Write out the records that appear below, verbatim and complete, but without pictures.

○ ○ ○

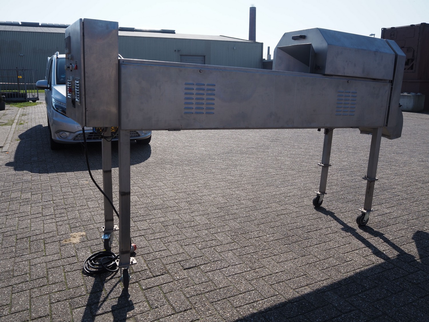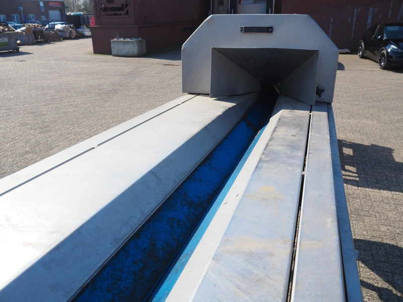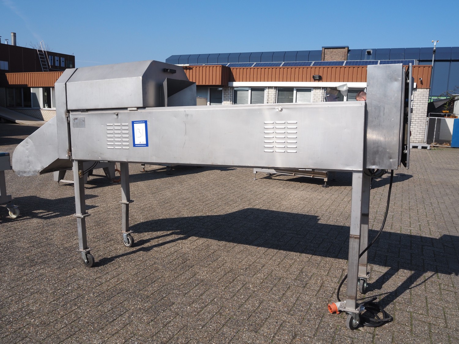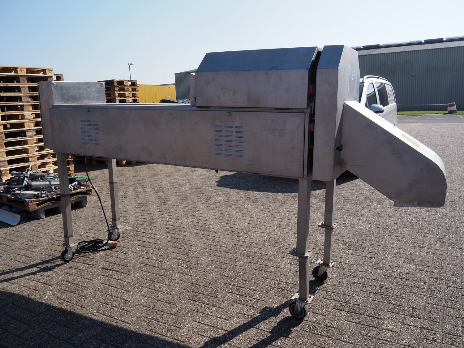 FAM mobile slicer, type: TS-1D, serial number: 5836, year of construction: 2003, 400 V, 3 Ph, 50 Hz, 3.5 kW, weight: 350 kg, plastic belt, belt width: 85 mm, clearance: 100 mm x 150 mm, total dimensions: 3300 mm x 750 mm x 1750 mm.
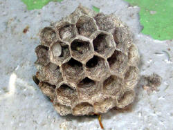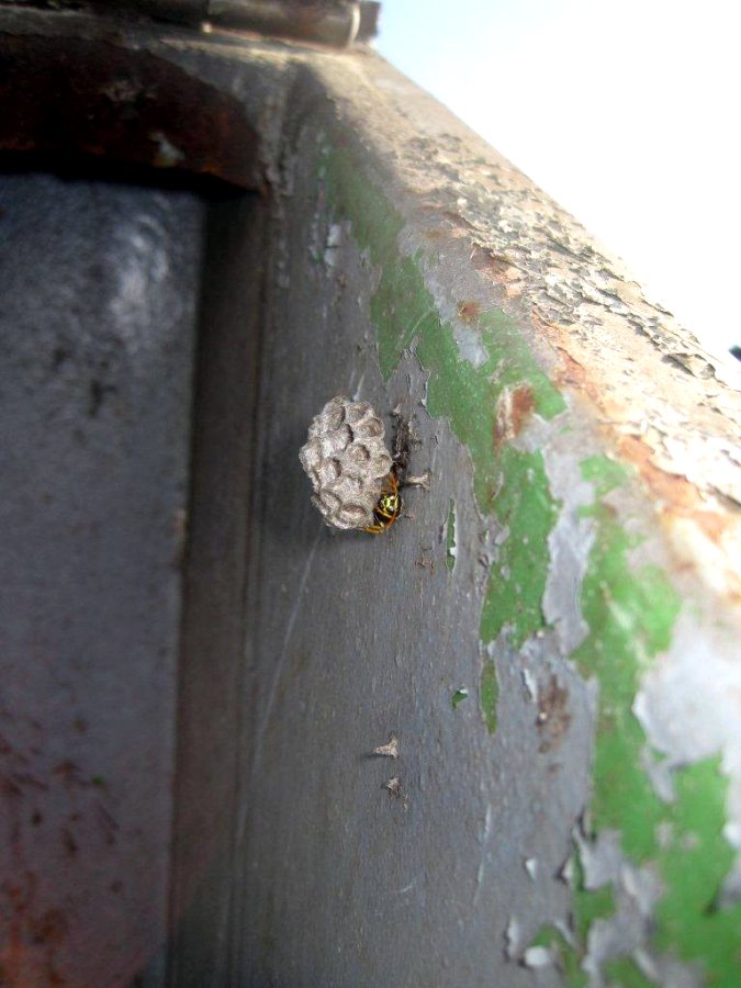 Feldwespennest seitlich an der Wand des Papiercontainers.
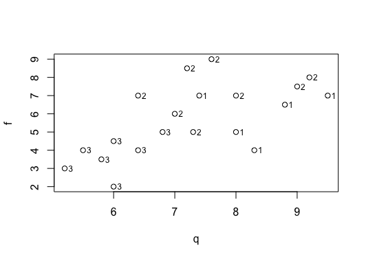 lda(g3 ~ q + f + p, prior = c(1, 1, 1)/3)
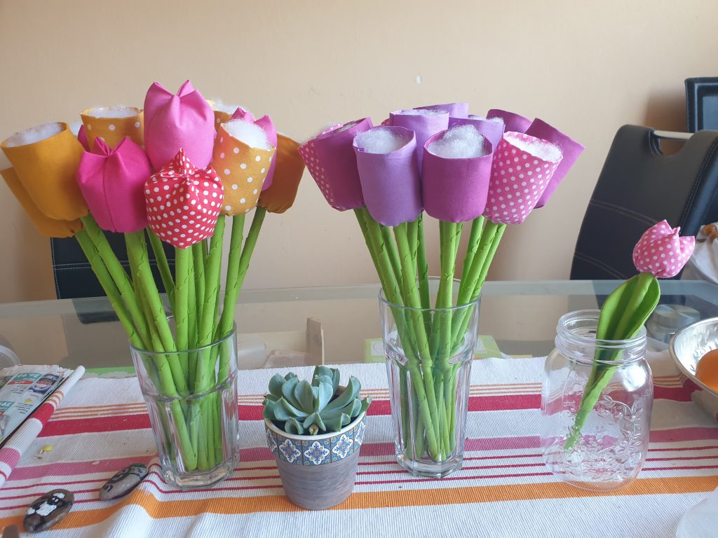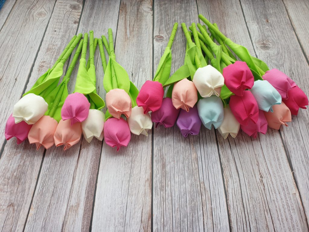 Látkové šité tulipány. Vypadají krásně na stole ve váze ale pozor, nepotřebují vodu a nikdy Vám neuschnou. Tulipánky mohou být jaké dárkem k narozeninám, svátku, dni matek nebo třeba Valentýnu. Mohou být ale také jako výzdoba v domácnostech kam často nejezdíme ale po příjezdu chceme aby bylo místo útulné například chata nebo chalupa.
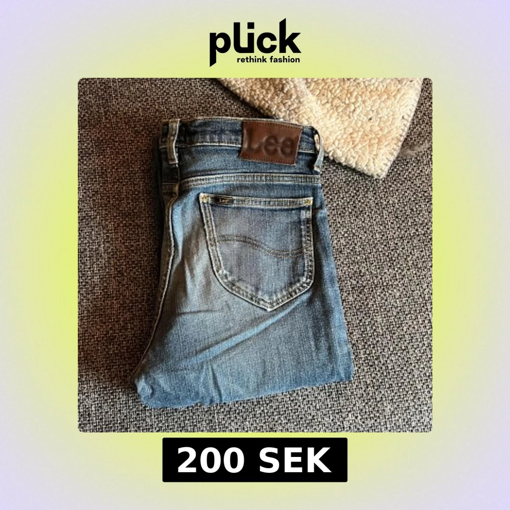 Säljer ett par klassiska blå jeans från Lee. De har en normal passform med fem fickor och en snygg slitning på baksidan. Perfekta för en avslappnad stil. W31 L34
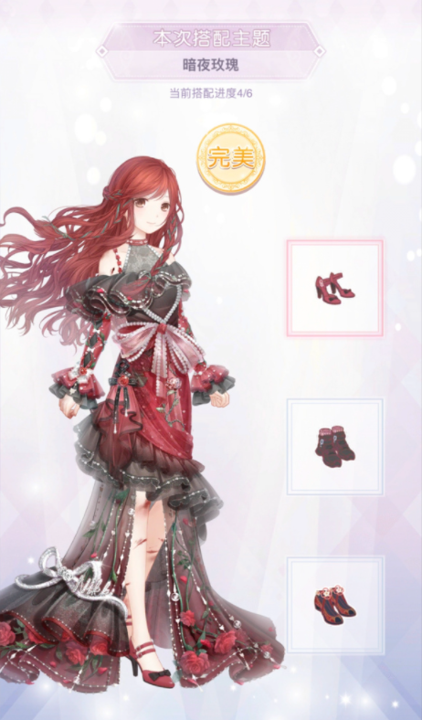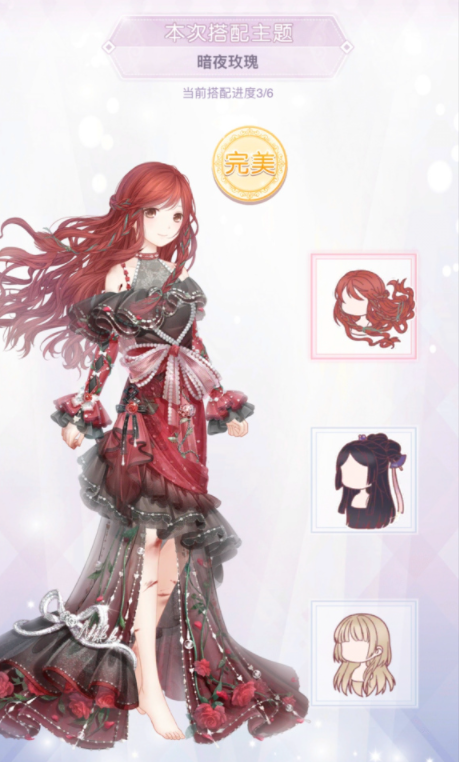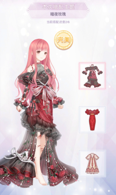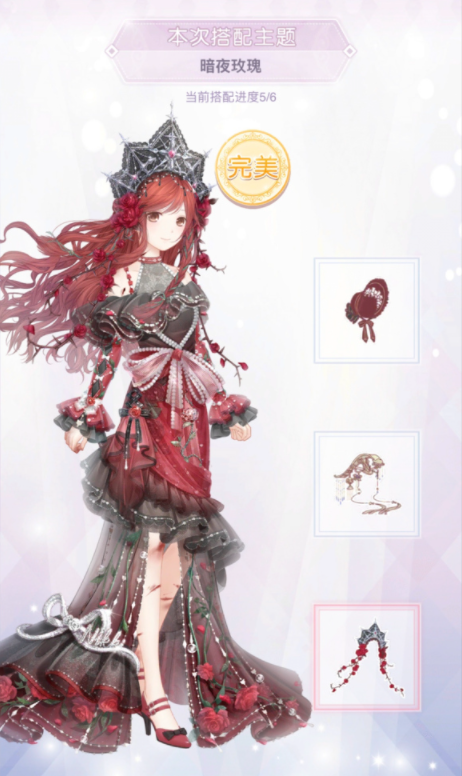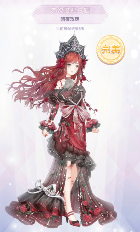 奇迹暖暖暗夜玫瑰完美搭配,请看下面图片:
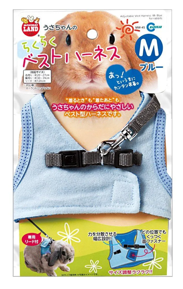 ミニマルランド うさちゃんのらくらくベストハーネス ブルー M サイズ
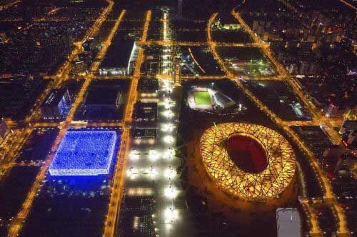 图为9月2日晚的鸟巢、水立方。
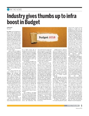 power required for high-speed the budget has laid great empha- ager, Southeast Asia and India, launch of Operation Green will Union Budget 2018 bodes well
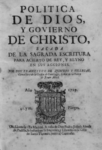 1729. (RELIGIO). QUEVEDO Y VILLEGAS, FRANCISCO DE: POLITICA DE DIOS , Y GOVIERNO DE CHRISTO, SACADA DE LA SAGRADA ESCRITURA PARA ACIERTO DE REY, Y REYNO EN SUS ACCIONES. Madrid: Imp. Pedro Joseph Alonso de Padilla, 1729. 8º mayor. 12 h. + 295 p....
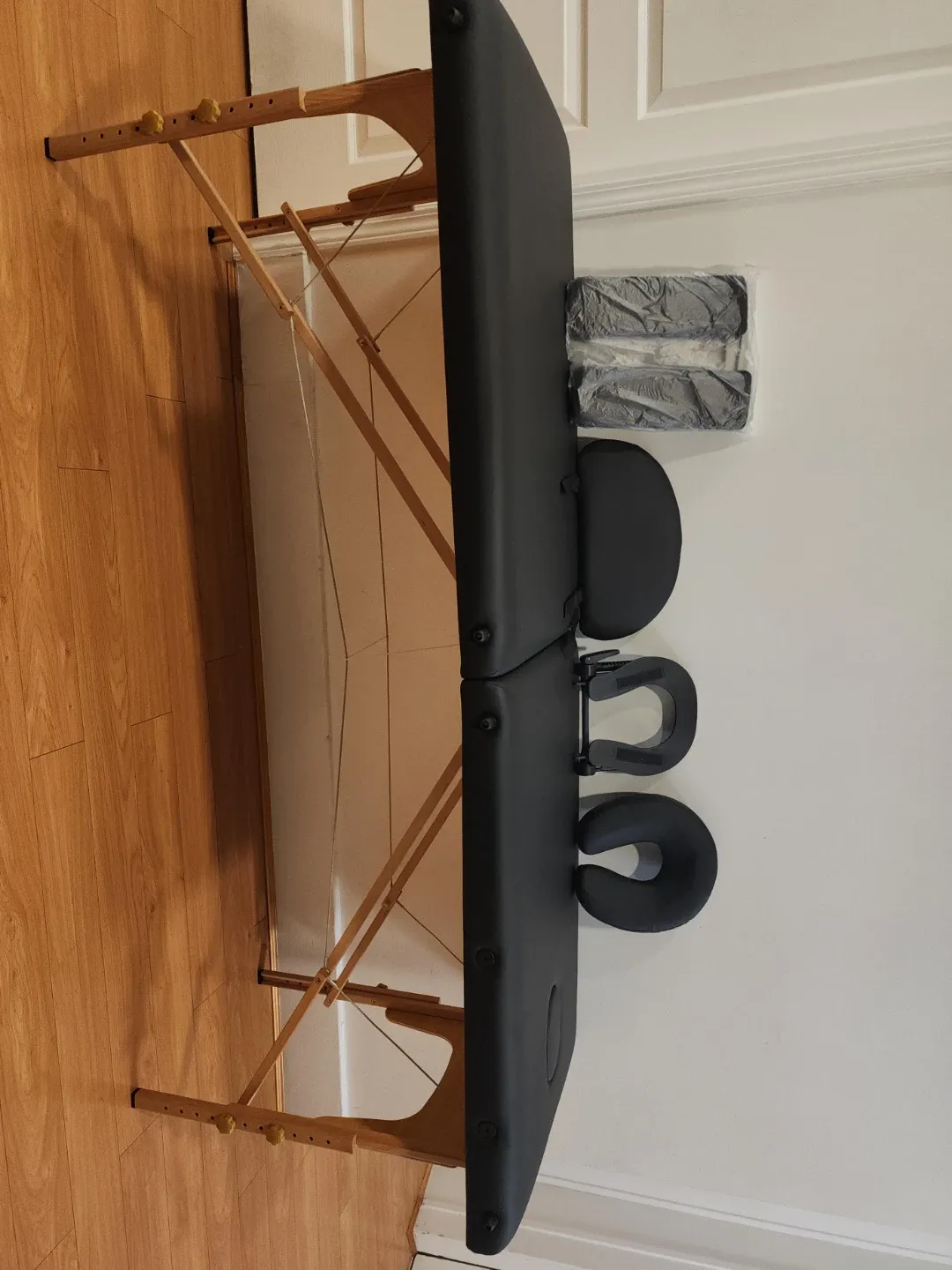 Selling a portable, foldable black massage table in almost brand-new condition. It comes with all the accessories and the carry bag shown in the picture, plus the original manual. Perfect for massage therapy or as a lash table—easy to set up, use, and store. Measures 72" long and 23" wide

○ ○ ○

* **Result**:
 FAM mobile slicer, type: TS-1D, serial number: 5836, year of construction: 2003, 400 V, 3 Ph, 50 Hz, 3.5 kW, weight: 350 kg, plastic belt, belt width: 85 mm, clearance: 100 mm x 150 mm, total dimensions: 3300 mm x 750 mm x 1750 mm.
 Feldwespennest seitlich an der Wand des Papiercontainers.
 lda(g3 ~ q + f + p, prior = c(1, 1, 1)/3)
 Látkové šité tulipány. Vypadají krásně na stole ve váze ale pozor, nepotřebují vodu a nikdy Vám neuschnou. Tulipánky mohou být jaké dárkem k narozeninám, svátku, dni matek nebo třeba Valentýnu. Mohou být ale také jako výzdoba v domácnostech kam často nejezdíme ale po příjezdu chceme aby bylo místo útulné například chata nebo chalupa.
 Säljer ett par klassiska blå jeans från Lee. De har en normal passform med fem fickor och en snygg slitning på baksidan. Perfekta för en avslappnad stil. W31 L34
 奇迹暖暖暗夜玫瑰完美搭配,请看下面图片:
 ミニマルランド うさちゃんのらくらくベストハーネス ブルー M サイズ
 图为9月2日晚的鸟巢、水立方。
 power required for high-speed the budget has laid great empha- ager, Southeast Asia and India, launch of Operation Green will Union Budget 2018 bodes well
 1729. (RELIGIO). QUEVEDO Y VILLEGAS, FRANCISCO DE: POLITICA DE DIOS , Y GOVIERNO DE CHRISTO, SACADA DE LA SAGRADA ESCRITURA PARA ACIERTO DE REY, Y REYNO EN SUS ACCIONES. Madrid: Imp. Pedro Joseph Alonso de Padilla, 1729. 8º mayor. 12 h. + 295 p....
 Selling a portable, foldable black massage table in almost brand-new condition. It comes with all the accessories and the carry bag shown in the picture, plus the original manual. Perfect for massage therapy or as a lash table—easy to set up, use, and store. Measures 72" long and 23" wide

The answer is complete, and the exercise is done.